> **Records**

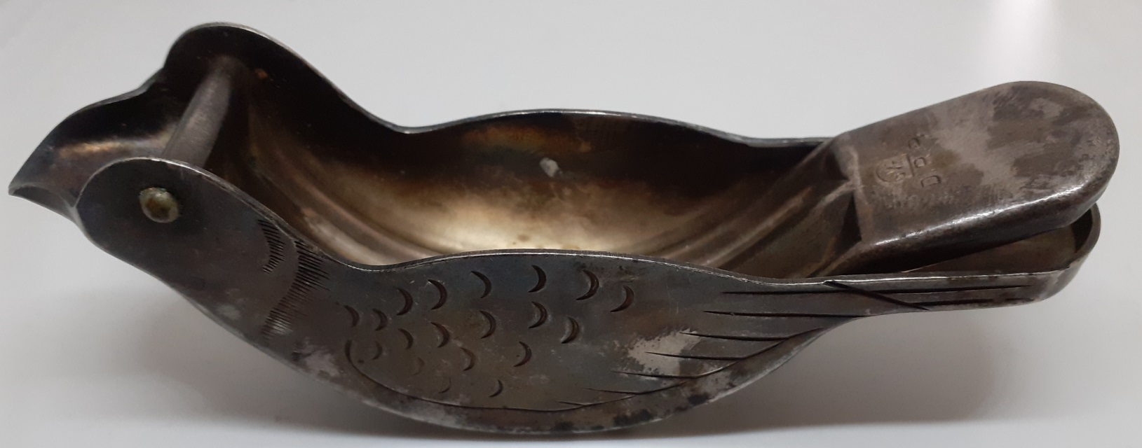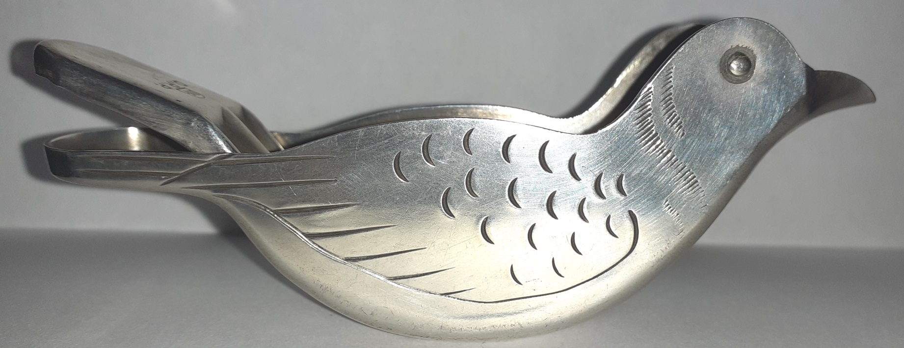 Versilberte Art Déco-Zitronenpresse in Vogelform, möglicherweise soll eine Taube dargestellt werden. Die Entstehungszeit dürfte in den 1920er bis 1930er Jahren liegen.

==

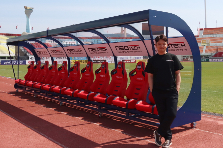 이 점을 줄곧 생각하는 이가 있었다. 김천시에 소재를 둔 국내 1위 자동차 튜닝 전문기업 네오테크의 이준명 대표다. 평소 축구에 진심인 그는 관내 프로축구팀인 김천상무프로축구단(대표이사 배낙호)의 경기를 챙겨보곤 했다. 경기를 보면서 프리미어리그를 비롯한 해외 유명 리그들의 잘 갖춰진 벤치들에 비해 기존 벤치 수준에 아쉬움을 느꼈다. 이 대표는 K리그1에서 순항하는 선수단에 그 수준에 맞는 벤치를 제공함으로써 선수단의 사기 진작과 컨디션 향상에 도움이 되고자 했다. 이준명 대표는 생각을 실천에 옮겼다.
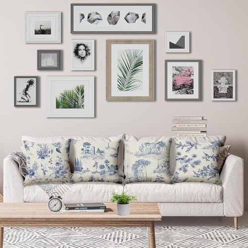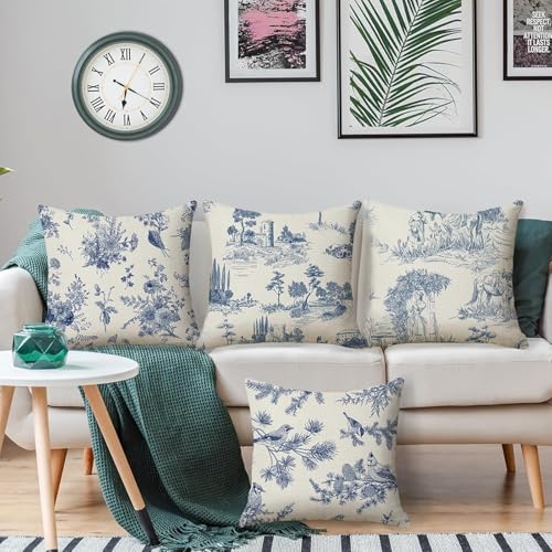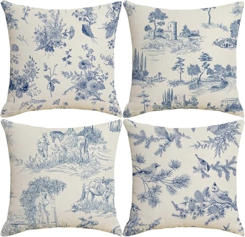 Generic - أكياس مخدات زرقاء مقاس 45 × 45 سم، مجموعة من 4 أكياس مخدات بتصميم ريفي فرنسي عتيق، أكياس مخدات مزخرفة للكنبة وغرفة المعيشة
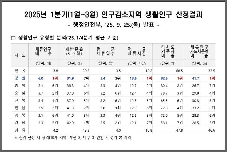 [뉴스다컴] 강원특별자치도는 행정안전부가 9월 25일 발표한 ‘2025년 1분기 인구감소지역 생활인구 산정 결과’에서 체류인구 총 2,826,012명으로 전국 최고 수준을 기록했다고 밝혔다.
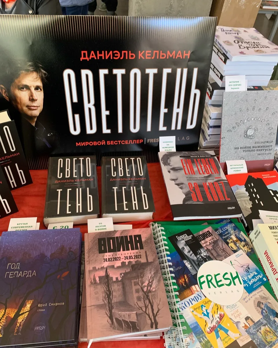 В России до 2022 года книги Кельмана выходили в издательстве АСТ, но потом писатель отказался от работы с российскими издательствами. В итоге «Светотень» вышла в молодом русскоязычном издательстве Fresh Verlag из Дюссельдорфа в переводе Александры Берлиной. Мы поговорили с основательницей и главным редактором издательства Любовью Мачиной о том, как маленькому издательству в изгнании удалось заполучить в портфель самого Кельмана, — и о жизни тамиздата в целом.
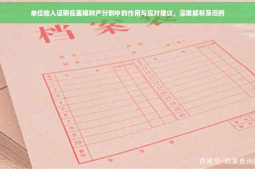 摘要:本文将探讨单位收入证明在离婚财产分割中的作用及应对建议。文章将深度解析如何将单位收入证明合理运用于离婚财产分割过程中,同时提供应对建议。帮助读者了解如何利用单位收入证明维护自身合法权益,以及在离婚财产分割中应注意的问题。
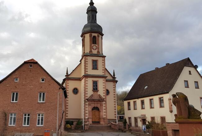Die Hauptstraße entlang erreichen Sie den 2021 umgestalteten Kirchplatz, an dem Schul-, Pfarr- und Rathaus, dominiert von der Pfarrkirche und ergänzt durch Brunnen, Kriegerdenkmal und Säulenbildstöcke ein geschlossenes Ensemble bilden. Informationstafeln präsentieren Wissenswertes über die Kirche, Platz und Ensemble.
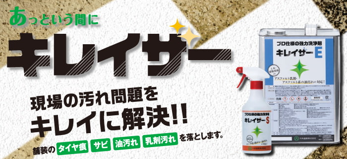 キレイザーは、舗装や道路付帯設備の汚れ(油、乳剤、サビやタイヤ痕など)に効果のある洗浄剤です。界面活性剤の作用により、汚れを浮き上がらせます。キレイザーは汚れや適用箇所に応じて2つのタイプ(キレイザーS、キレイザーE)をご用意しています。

> **Your instructions**
With the pictures left out, write out exactly the lines above from the one containing "이 점을 줄곧 생각하는" through the one containing "[뉴스다컴] 강원특별자치도는 행정안전부가".

> **Answer to this problem**
 이 점을 줄곧 생각하는 이가 있었다. 김천시에 소재를 둔 국내 1위 자동차 튜닝 전문기업 네오테크의 이준명 대표다. 평소 축구에 진심인 그는 관내 프로축구팀인 김천상무프로축구단(대표이사 배낙호)의 경기를 챙겨보곤 했다. 경기를 보면서 프리미어리그를 비롯한 해외 유명 리그들의 잘 갖춰진 벤치들에 비해 기존 벤치 수준에 아쉬움을 느꼈다. 이 대표는 K리그1에서 순항하는 선수단에 그 수준에 맞는 벤치를 제공함으로써 선수단의 사기 진작과 컨디션 향상에 도움이 되고자 했다. 이준명 대표는 생각을 실천에 옮겼다.
 Generic - أكياس مخدات زرقاء مقاس 45 × 45 سم، مجموعة من 4 أكياس مخدات بتصميم ريفي فرنسي عتيق، أكياس مخدات مزخرفة للكنبة وغرفة المعيشة
 [뉴스다컴] 강원특별자치도는 행정안전부가 9월 25일 발표한 ‘2025년 1분기 인구감소지역 생활인구 산정 결과’에서 체류인구 총 2,826,012명으로 전국 최고 수준을 기록했다고 밝혔다.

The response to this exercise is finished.